DATASET SECTION.
========================================================================

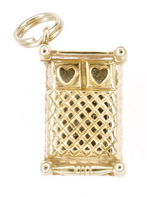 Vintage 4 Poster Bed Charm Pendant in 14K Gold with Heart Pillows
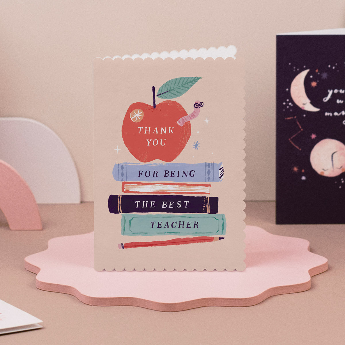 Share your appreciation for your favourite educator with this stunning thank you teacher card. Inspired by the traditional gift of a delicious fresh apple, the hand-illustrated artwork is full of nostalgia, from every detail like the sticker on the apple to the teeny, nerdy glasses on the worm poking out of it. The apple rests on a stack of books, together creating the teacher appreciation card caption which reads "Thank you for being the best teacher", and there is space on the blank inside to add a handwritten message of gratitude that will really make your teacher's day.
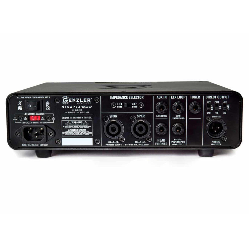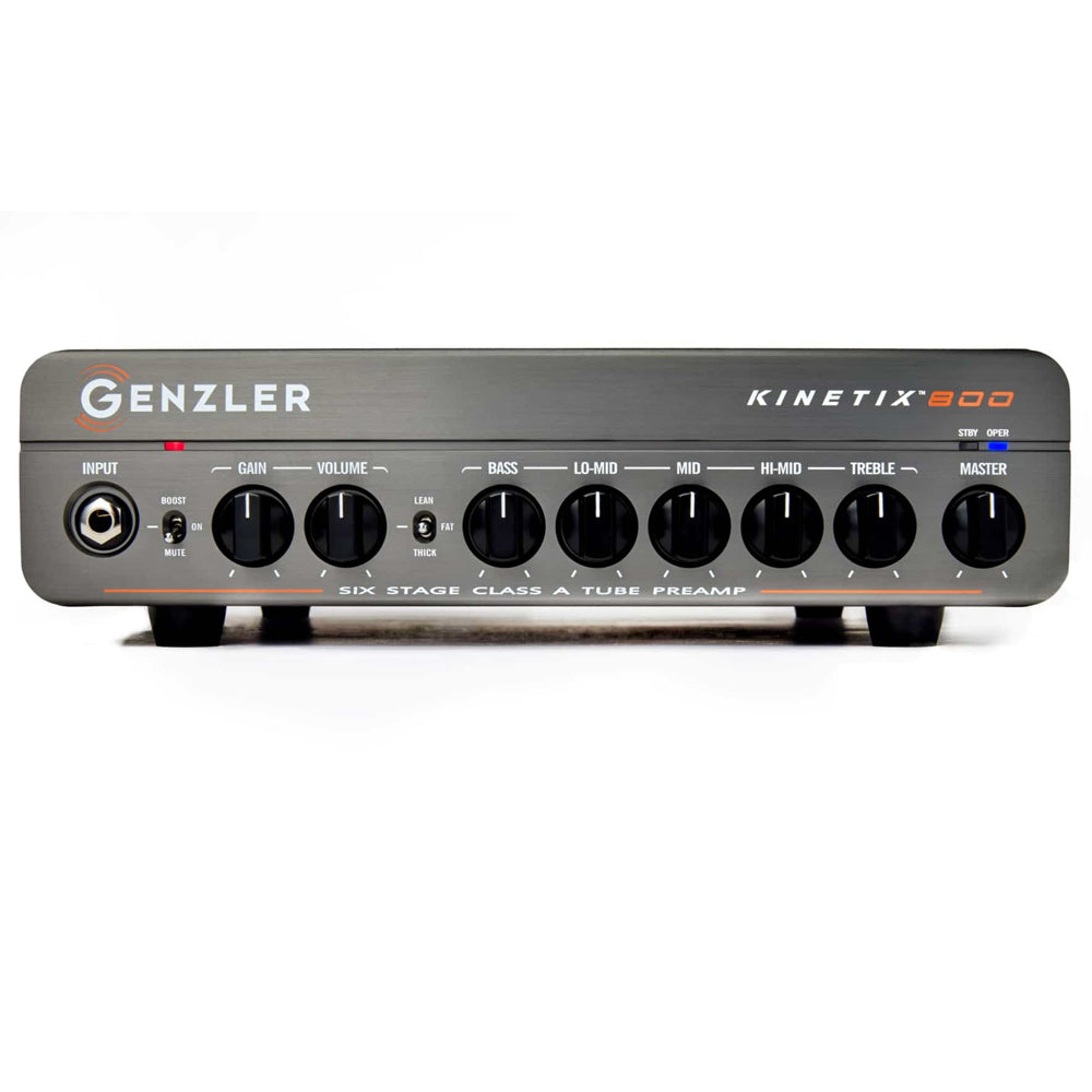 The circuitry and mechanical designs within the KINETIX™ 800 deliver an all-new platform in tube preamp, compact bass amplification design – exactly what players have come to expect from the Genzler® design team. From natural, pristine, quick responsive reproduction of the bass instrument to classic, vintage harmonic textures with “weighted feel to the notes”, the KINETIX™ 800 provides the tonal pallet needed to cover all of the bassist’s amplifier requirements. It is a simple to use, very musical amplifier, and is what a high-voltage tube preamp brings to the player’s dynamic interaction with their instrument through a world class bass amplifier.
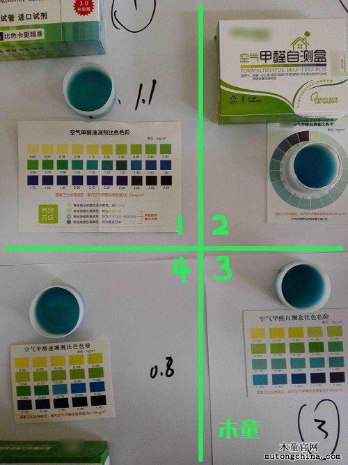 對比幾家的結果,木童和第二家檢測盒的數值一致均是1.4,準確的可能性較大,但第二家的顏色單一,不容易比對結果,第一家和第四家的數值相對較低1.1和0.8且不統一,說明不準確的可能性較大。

========================================================================

ABOUT THIS TASK. Repeat each line of the listing word for word, from the first through the line that contains "Share your appreciation". Any picture stays out.

EXERCISE ANSWER.
 Vintage 4 Poster Bed Charm Pendant in 14K Gold with Heart Pillows
 Share your appreciation for your favourite educator with this stunning thank you teacher card. Inspired by the traditional gift of a delicious fresh apple, the hand-illustrated artwork is full of nostalgia, from every detail like the sticker on the apple to the teeny, nerdy glasses on the worm poking out of it. The apple rests on a stack of books, together creating the teacher appreciation card caption which reads "Thank you for being the best teacher", and there is space on the blank inside to add a handwritten message of gratitude that will really make your teacher's day.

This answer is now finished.